● **WORK TO BE COMPLETED**
The line containing "간암 | 만 40세 이상 (고위험군) | 6개월 | 간 초음파 및 혈액검사 |", and every line after it to the end of the listing, should be repeated exactly; the pictures should not.

● **DATA BELOW**
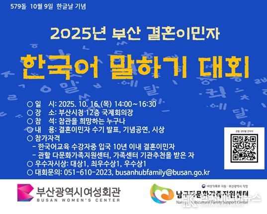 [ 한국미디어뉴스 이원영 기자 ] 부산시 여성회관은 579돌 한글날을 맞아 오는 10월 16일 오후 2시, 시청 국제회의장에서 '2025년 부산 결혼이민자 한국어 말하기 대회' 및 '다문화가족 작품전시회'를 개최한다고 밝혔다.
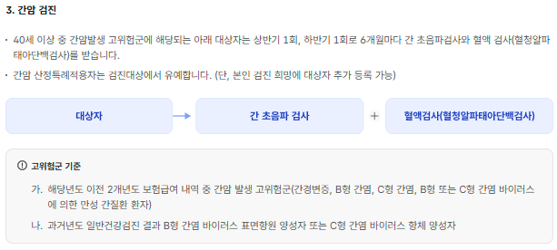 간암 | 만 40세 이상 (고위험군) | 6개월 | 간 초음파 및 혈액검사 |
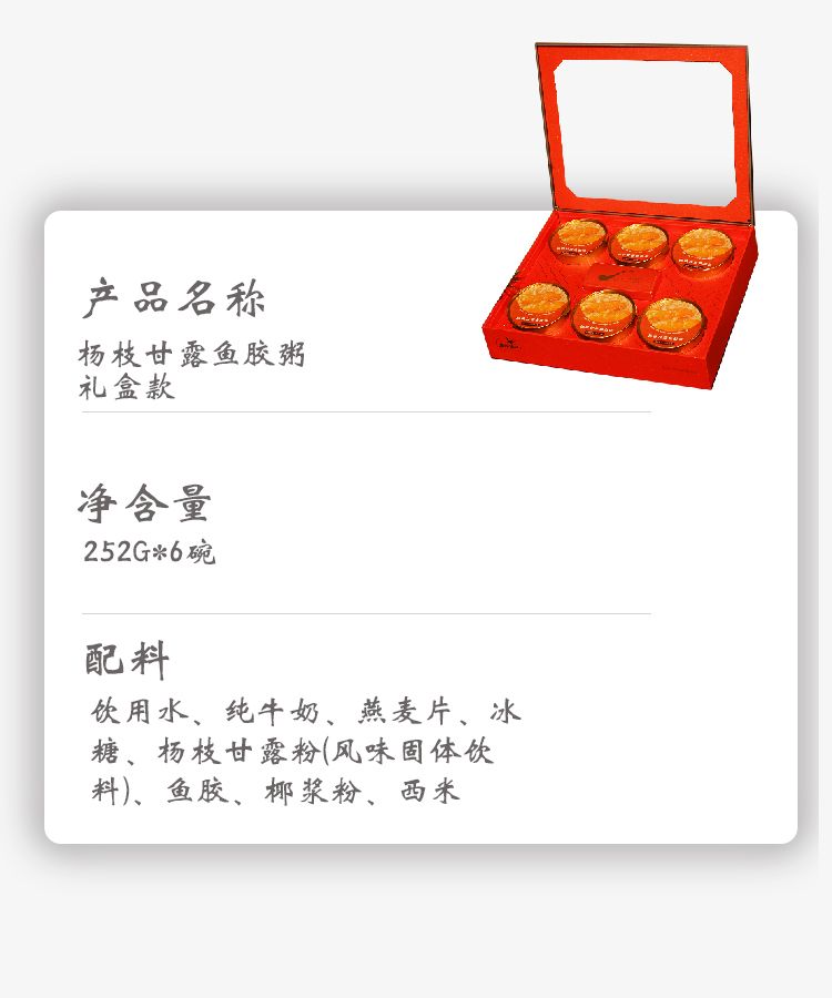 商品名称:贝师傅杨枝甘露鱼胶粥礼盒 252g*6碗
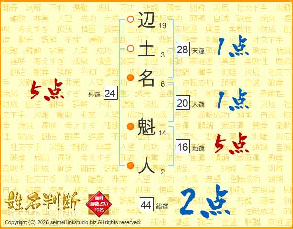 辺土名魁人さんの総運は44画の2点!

● **OUTPUT OF THE EXERCISE**
 간암 | 만 40세 이상 (고위험군) | 6개월 | 간 초음파 및 혈액검사 |
 商品名称:贝师傅杨枝甘露鱼胶粥礼盒 252g*6碗
 辺土名魁人さんの総運は44画の2点!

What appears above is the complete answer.